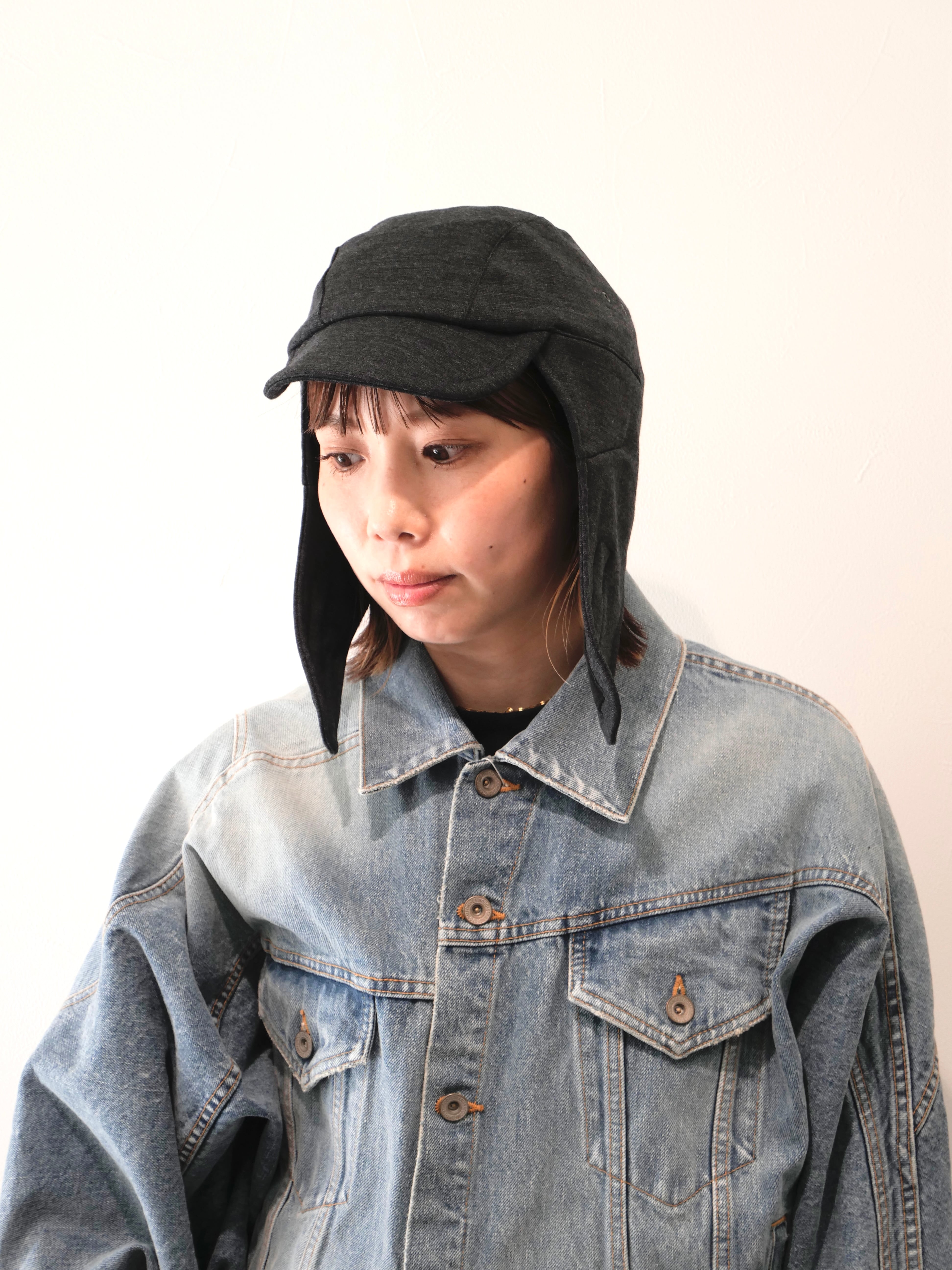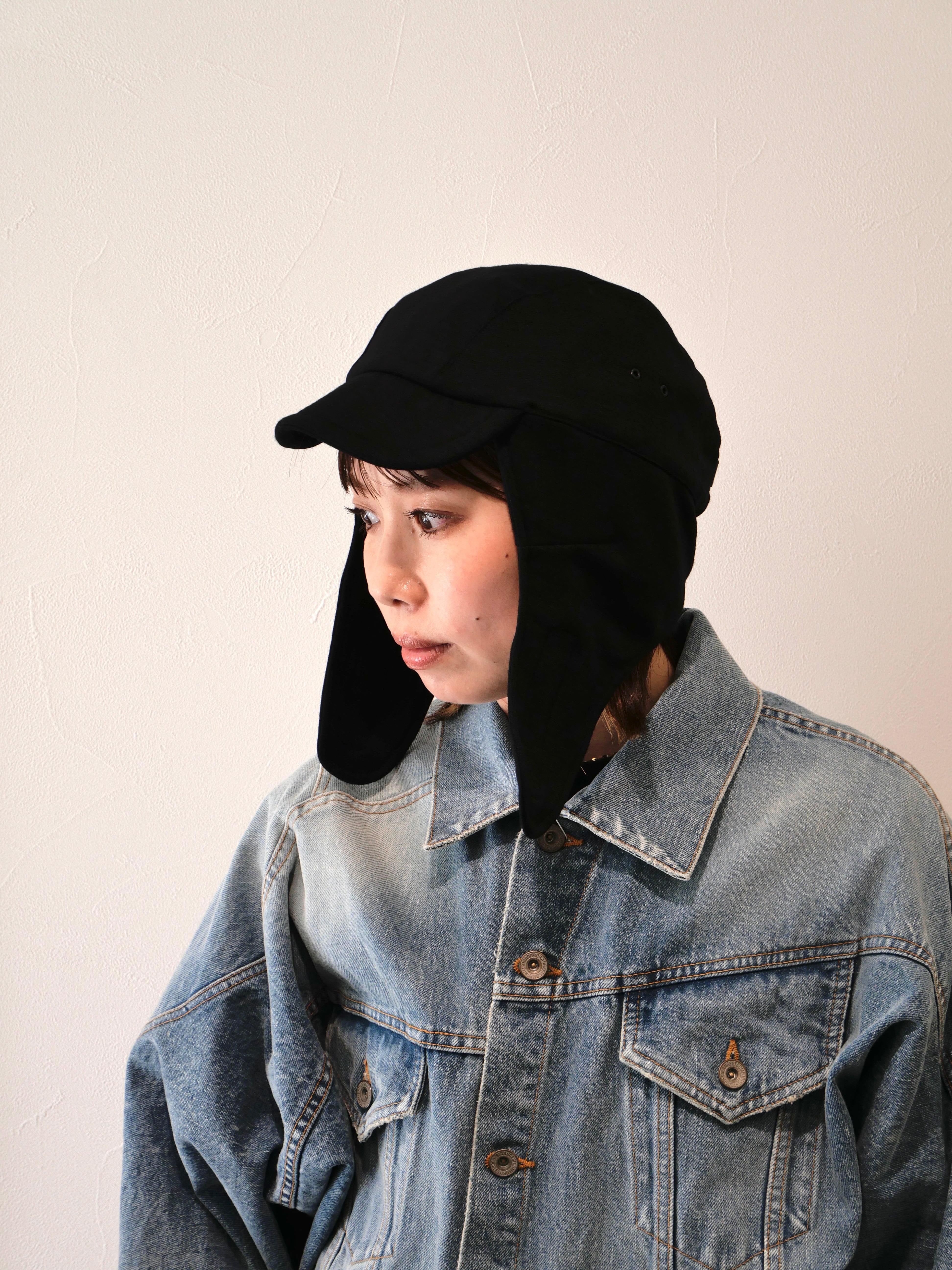ハンドウォッシャブル可能なウール100%ポンチ生地を使用した2枚耳のアーミーキャップ。
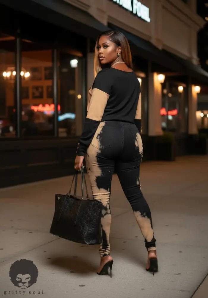 The Static Burn Jeans are your go-to for bold denim energy. These high-rise skinny jeans feature a dramatic black and tan bleach-wash finish that turns every step into a statement. Designed with stretch denim for a curve-hugging fit that stays comfy all day, they’re that perfect mix of edgy and sleek. Pair them with a neutral top or graphic tee and black heels for instant grown-soul attitude.
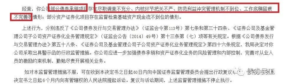 1、2019年10月23日,中山證券部分債券承銷項目存在盡職調查不充分、內核環節把關不嚴、防范利益沖突管理機制不到位、工作底稿留痕不完善等情形,被深圳證監局處以采取出具警示函的行政監管措施。
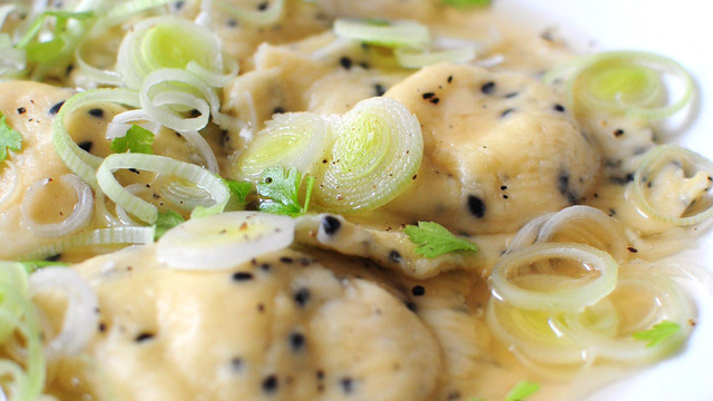 Crevettes, sésame noir et poireaux pour des ravioles pleines d'idées !
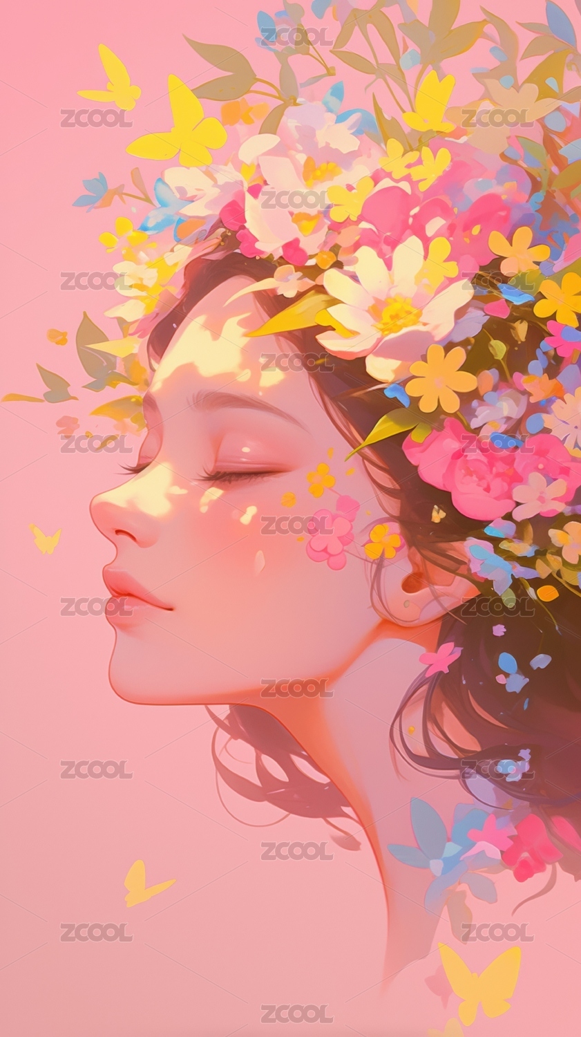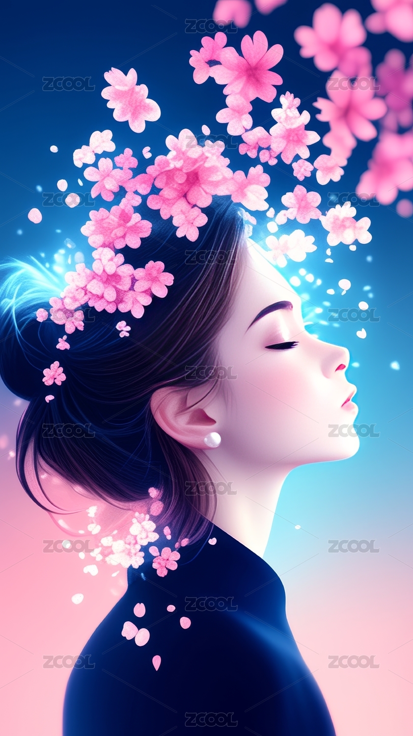 少女,樱花,花瓣,唯美,恬静,意境,粉色,梦幻,浪漫,清新
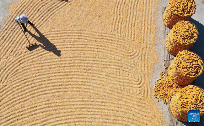Αεροφωτογραφ?α που τραβ?χτηκε στι? 10 Οκτωβρ?ου του 2022 δε?χνει ?ναν χωρικ? να αερ?ζει το καλαμπ?κι που ?χει συγκομιστε? στην κομητε?α Ταντσ?νγκ τη? π?λη? Λινγ?, στην επαρχ?α Σαντ?νγκ τη? ανατολικ?? Κ?να?. (Φωτογραφ?α: Zhang Chunlei/Xinhua)
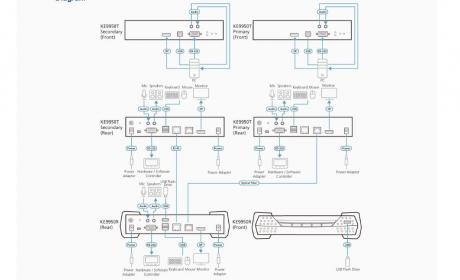ATEN KE9950 Air Traffic Control Bundle Solution consists of two high performance IP-based transmitters (KE9950T) that connect to two PCs / servers and an IP-based receiver (KE9950R), providing console access from a separate location. The solution builds effortless IP extension that eliminates the distance restrictions of control room management, enabling a faster response to mission-critical data center emergencies. With Primary-Secondary Architecture, the KE9950 Air Traffic Control Bundle Solution enables connection to a primary and a secondary computers that allows instant system failover via hotkey switching without moving around workstations. The deployment of ATEN KE9950 Air Traffic Control Bundle Solution allows access to a computer system from a remote USB DisplayPort console (USB keyboard / mouse and DisplayPort monitor) over the intranet, allowing the computer to be located in a secure and temperature controlled environment, which is also isolated from the user workstation.
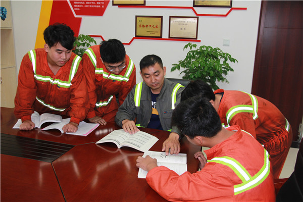 王慶(中)與同事學(xué)習(xí)車輛理論知識

+++

Work to be completed:
Using the material above, reproduce only the lines that run from the line with "少女,樱花,花瓣,唯美,恬静,意境,粉色,梦幻,浪漫,清新" up to and including the line with "Αεροφωτογραφ?α που τραβ?χτηκε", exactly, with the pictures dropped.

Answer for the task:
 少女,樱花,花瓣,唯美,恬静,意境,粉色,梦幻,浪漫,清新
Αεροφωτογραφ?α που τραβ?χτηκε στι? 10 Οκτωβρ?ου του 2022 δε?χνει ?ναν χωρικ? να αερ?ζει το καλαμπ?κι που ?χει συγκομιστε? στην κομητε?α Ταντσ?νγκ τη? π?λη? Λινγ?, στην επαρχ?α Σαντ?νγκ τη? ανατολικ?? Κ?να?. (Φωτογραφ?α: Zhang Chunlei/Xinhua)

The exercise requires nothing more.